Data excerpts
*** Block opens ***

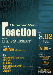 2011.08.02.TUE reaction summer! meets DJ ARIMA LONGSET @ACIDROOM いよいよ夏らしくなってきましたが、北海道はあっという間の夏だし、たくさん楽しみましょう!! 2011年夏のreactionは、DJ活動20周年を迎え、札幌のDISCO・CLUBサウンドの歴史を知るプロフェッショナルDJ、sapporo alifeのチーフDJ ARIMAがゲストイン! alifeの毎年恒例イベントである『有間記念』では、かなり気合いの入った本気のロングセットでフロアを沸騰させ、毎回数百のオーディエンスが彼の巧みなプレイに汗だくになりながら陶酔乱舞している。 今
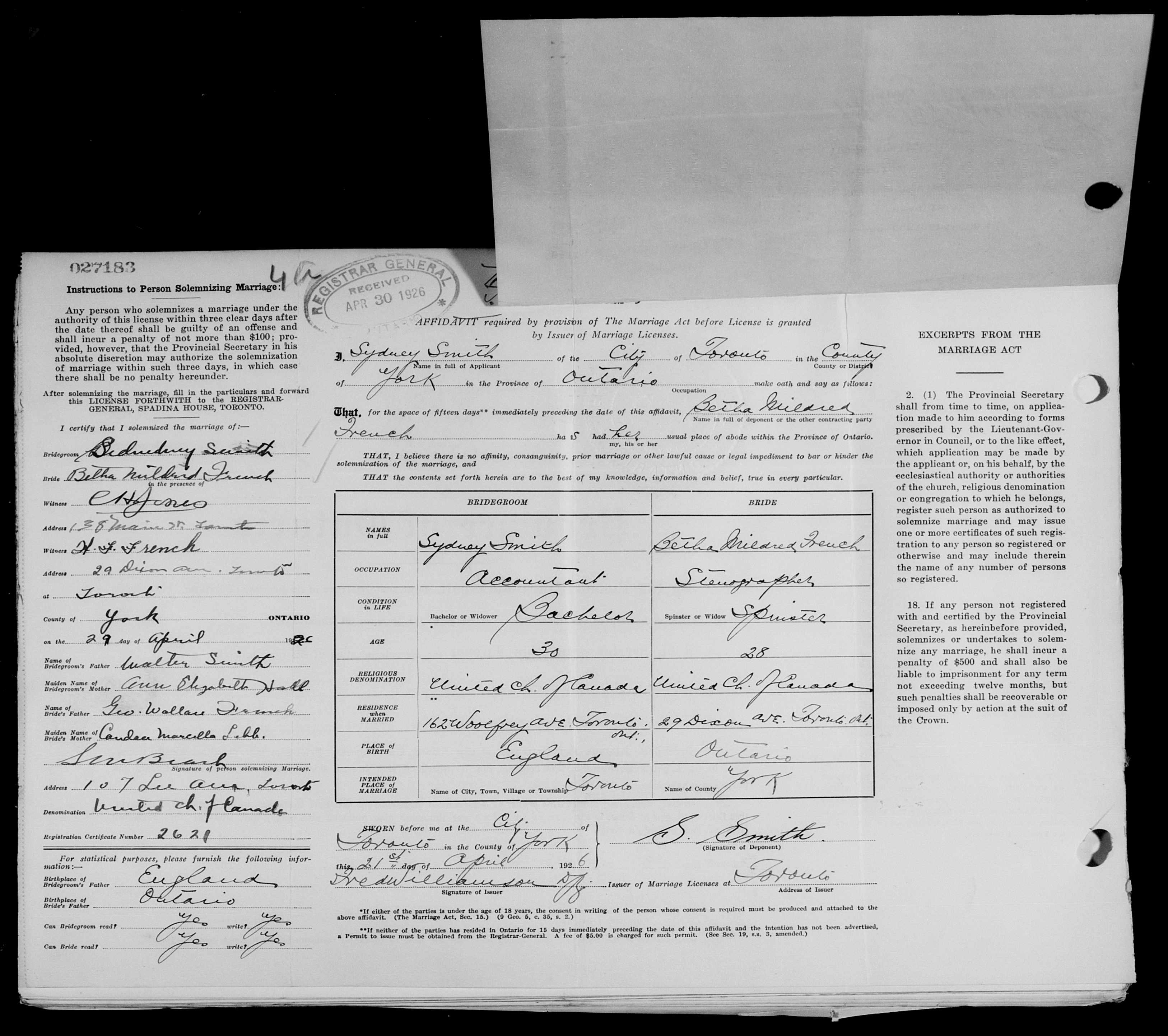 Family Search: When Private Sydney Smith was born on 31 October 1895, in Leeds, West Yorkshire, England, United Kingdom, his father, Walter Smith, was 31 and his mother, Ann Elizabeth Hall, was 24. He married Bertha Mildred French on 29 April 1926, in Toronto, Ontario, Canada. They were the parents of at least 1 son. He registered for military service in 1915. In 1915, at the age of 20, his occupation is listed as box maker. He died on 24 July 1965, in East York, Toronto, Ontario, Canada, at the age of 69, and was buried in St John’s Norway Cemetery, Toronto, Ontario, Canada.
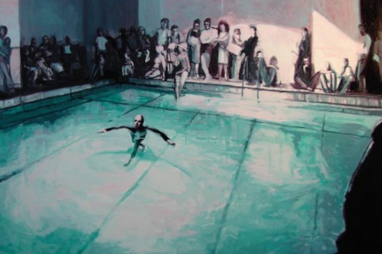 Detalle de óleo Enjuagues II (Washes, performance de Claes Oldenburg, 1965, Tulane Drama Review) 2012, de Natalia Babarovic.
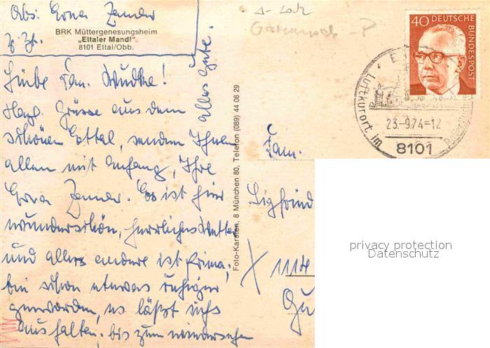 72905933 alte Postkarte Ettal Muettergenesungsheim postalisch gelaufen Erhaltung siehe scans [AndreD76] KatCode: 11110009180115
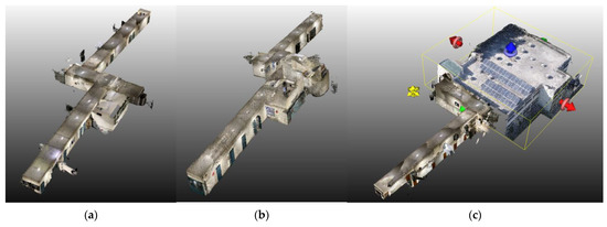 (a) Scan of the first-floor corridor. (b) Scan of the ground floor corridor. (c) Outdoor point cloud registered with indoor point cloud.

*** Block closes ***

ACTIVITY –
Copy exactly the lines from the one containing "Detalle de óleo" through the last line of the records above, including both, and omit every picture.

EXERCISE ANSWER –
 Detalle de óleo Enjuagues II (Washes, performance de Claes Oldenburg, 1965, Tulane Drama Review) 2012, de Natalia Babarovic.
 72905933 alte Postkarte Ettal Muettergenesungsheim postalisch gelaufen Erhaltung siehe scans [AndreD76] KatCode: 11110009180115
 (a) Scan of the first-floor corridor. (b) Scan of the ground floor corridor. (c) Outdoor point cloud registered with indoor point cloud.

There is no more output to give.